[Records drawn from a dataset]
══════════

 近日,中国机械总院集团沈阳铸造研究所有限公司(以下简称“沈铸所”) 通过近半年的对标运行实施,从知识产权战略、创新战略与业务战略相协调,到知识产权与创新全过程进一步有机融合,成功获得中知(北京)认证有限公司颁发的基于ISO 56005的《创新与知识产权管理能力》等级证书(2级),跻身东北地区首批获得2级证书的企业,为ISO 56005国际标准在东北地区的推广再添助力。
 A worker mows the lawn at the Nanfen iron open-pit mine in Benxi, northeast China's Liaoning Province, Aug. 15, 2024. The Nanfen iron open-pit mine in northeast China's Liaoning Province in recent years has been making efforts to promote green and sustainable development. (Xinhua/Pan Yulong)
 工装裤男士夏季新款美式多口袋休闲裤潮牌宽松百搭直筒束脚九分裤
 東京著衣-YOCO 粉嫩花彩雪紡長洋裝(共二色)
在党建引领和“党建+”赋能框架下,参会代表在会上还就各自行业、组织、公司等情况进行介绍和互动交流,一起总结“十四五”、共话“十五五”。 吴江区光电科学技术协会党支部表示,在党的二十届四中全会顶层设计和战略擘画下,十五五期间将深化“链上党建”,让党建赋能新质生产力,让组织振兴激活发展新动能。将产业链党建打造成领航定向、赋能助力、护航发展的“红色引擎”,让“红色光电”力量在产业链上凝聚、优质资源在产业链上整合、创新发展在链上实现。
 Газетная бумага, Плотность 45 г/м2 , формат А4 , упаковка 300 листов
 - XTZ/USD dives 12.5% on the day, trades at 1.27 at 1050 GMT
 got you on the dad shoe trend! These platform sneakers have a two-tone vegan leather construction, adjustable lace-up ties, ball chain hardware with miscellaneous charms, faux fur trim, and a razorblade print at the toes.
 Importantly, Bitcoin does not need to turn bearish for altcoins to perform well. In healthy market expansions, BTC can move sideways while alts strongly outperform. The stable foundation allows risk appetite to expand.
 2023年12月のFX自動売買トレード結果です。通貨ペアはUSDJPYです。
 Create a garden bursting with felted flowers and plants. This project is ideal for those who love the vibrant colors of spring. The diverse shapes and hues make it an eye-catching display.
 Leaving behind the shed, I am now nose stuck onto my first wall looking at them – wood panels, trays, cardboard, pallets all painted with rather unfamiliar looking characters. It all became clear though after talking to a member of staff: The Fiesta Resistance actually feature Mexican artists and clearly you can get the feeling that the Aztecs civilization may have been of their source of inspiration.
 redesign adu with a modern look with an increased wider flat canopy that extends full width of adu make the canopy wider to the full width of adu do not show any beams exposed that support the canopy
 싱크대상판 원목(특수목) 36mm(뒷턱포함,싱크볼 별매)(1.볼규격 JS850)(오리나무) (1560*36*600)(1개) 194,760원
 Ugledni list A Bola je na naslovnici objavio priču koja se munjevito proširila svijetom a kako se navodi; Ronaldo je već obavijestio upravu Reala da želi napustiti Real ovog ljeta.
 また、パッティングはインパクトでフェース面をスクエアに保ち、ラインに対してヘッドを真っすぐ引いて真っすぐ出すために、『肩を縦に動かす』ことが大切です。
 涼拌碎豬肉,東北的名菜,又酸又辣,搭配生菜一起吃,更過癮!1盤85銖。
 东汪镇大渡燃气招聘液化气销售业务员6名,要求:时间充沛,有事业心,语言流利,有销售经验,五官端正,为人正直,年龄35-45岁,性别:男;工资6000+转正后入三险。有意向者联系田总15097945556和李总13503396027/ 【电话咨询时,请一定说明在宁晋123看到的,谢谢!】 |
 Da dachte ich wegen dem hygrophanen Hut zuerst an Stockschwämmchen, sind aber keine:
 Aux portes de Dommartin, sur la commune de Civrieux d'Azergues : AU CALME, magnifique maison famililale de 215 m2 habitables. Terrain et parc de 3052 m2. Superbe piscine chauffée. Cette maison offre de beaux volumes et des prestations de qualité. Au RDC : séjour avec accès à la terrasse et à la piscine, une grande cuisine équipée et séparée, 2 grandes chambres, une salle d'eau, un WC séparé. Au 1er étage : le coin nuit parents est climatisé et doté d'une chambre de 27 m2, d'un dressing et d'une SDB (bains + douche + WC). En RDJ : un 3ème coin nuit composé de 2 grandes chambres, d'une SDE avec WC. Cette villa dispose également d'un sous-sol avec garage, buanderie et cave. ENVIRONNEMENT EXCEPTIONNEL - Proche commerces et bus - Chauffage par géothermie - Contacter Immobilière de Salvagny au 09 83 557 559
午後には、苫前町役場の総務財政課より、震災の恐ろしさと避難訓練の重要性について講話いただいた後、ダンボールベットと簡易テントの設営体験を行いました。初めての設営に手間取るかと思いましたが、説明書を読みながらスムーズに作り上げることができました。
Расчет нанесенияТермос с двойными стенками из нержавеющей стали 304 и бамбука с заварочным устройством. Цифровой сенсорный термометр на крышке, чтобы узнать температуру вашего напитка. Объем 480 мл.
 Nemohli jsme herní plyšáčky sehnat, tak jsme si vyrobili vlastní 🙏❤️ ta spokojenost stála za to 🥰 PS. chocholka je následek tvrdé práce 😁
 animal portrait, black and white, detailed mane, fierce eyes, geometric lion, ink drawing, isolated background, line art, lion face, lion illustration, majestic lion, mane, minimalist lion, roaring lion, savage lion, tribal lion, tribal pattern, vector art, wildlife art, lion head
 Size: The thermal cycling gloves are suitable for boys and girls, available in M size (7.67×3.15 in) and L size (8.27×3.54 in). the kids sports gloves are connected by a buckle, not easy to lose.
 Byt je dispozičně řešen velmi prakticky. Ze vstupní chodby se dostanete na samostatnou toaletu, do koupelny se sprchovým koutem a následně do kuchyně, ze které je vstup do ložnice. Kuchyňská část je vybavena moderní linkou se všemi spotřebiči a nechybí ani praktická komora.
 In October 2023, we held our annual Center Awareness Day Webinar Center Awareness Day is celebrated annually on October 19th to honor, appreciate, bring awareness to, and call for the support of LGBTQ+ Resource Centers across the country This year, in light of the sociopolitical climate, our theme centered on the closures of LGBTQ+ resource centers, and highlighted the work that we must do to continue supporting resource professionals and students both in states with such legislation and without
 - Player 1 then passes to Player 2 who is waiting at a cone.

══════════

--- WHAT THIS TASK INVOLVES ---
What are the lines, exactly as written above, from the line with "2023年12月のFX自動売買トレード結果です。通貨ペアはUSDJPYです。" to the line with "Da dachte ich", both included? Output only those.

--- RESPONSE TO THIS EXERCISE ---
 2023年12月のFX自動売買トレード結果です。通貨ペアはUSDJPYです。
 Create a garden bursting with felted flowers and plants. This project is ideal for those who love the vibrant colors of spring. The diverse shapes and hues make it an eye-catching display.
 Leaving behind the shed, I am now nose stuck onto my first wall looking at them – wood panels, trays, cardboard, pallets all painted with rather unfamiliar looking characters. It all became clear though after talking to a member of staff: The Fiesta Resistance actually feature Mexican artists and clearly you can get the feeling that the Aztecs civilization may have been of their source of inspiration.
 redesign adu with a modern look with an increased wider flat canopy that extends full width of adu make the canopy wider to the full width of adu do not show any beams exposed that support the canopy
 싱크대상판 원목(특수목) 36mm(뒷턱포함,싱크볼 별매)(1.볼규격 JS850)(오리나무) (1560*36*600)(1개) 194,760원
 Ugledni list A Bola je na naslovnici objavio priču koja se munjevito proširila svijetom a kako se navodi; Ronaldo je već obavijestio upravu Reala da želi napustiti Real ovog ljeta.
 また、パッティングはインパクトでフェース面をスクエアに保ち、ラインに対してヘッドを真っすぐ引いて真っすぐ出すために、『肩を縦に動かす』ことが大切です。
 涼拌碎豬肉,東北的名菜,又酸又辣,搭配生菜一起吃,更過癮!1盤85銖。
 东汪镇大渡燃气招聘液化气销售业务员6名,要求:时间充沛,有事业心,语言流利,有销售经验,五官端正,为人正直,年龄35-45岁,性别:男;工资6000+转正后入三险。有意向者联系田总15097945556和李总13503396027/ 【电话咨询时,请一定说明在宁晋123看到的,谢谢!】 |
 Da dachte ich wegen dem hygrophanen Hut zuerst an Stockschwämmchen, sind aber keine:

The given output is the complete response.